**Exercise details:** What is the number of lines in the following data that contain "perfect"? Answer with the number alone.

**Listed entries:**
----
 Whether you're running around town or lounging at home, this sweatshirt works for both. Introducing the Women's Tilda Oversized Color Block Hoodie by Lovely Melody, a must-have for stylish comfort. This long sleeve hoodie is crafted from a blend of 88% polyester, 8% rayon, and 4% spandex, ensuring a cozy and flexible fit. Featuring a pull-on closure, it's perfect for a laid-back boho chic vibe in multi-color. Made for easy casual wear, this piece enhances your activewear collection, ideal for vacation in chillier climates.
----
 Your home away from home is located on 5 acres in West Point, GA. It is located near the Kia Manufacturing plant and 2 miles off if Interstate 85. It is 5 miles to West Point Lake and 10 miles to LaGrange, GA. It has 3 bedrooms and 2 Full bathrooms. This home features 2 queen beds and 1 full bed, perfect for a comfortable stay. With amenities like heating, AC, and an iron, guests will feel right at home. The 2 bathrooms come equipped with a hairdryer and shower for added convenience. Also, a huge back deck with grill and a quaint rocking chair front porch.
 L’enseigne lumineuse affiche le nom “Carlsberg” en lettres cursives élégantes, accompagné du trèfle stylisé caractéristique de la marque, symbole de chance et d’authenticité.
----
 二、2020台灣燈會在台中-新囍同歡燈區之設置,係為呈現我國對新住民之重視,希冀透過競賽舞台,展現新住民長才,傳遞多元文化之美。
----
**Answer box:** 2